By the way, I happened to look into this much later. This helps: data <- read_excel("mm_data.xlsx") %>% mutate(date=as.Date(dates)) Looking into why dtw won't return more than 5 matches -- but I really don't recommend dtw to be honest.

So the preferred matching approach is to fully use correlation rather than distance? I had wondered about that as even though size might differ, two markets could have a strong correlation and be well matched. However, matching on distance is good if you want markets to have similar sizes. Is my understanding correct here?

Also, out of curiosity is the correlation done on the time series once trend and/or seasonality are removed? By differencing first, for example.

Thanks.

klarsen1 commented 10 months ago

Good question.

My statement came across a bit strongly.

In most cases, I think correlation is just fine -- especially as you're aggregating markets. I'm less worried about size. And the BSTS model will apply weights anyway to each market. So DTW seems like overkill to some degree.

K

On Thu, Jan 11, 2024 at 4:24 AM Sean Walsh @.***> wrote:

By the way, I happened to look into this much later. This helps: data <- read_excel("mm_data.xlsx") %>% mutate(date=as.Date(dates)) Looking into why dtw won't return more than 5 matches -- but I really don't recommend dtw to be honest.
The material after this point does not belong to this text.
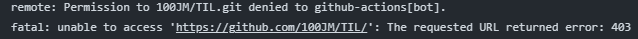 깃허브에 TIL 작성을 시작하면서 액션을 통해 README를 자동으로 작성해주는 방법이 있다길래 사용 해보는 도중 push를 했을때 아래와 같은 오류를 만났다.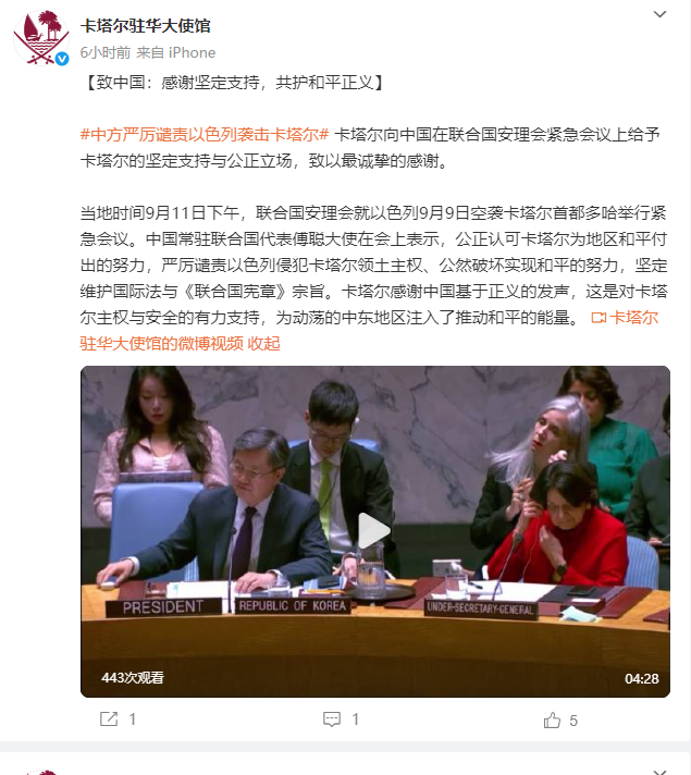 卡塔尔向中国在联合国安理会紧急会议上给予卡塔尔的坚定支持与公正立场,致以最诚挚的感谢。

So the preferred matching approach is to fully use correlation rather than distance? I had wondered about that as even though size might differ, two markets could have a strong correlation and be well matched. However, matching on distance is good if you want markets in a test group to have similar sizes. Is my understanding correct here? Thanks.

— Reply to this email directly, view it on GitHub https://github.com/klarsen1/MarketMatching/issues/28#issuecomment-1887051390, or unsubscribe https://github.com/notifications/unsubscribe-auth/ACNKU5AW6UOUOZO7ZNYEVFLYN7KYHAVCNFSM6AAAAAAUVQPU5SVHI2DSMVQWIX3LMV43OSLTON2WKQ3PNVWWK3TUHMYTQOBXGA2TCMZZGA . You are receiving this because you commented.Message ID: @.***>

SeanRichterWalsh commented 10 months ago

Yes, that makes sense. Thanks.

klarsen1 commented 10 months ago

also, try devtools::install_github("klarsen1/MarketMatching") -- the new version will deal with date variables with a suffix (like UTC) and tell you have many records you need.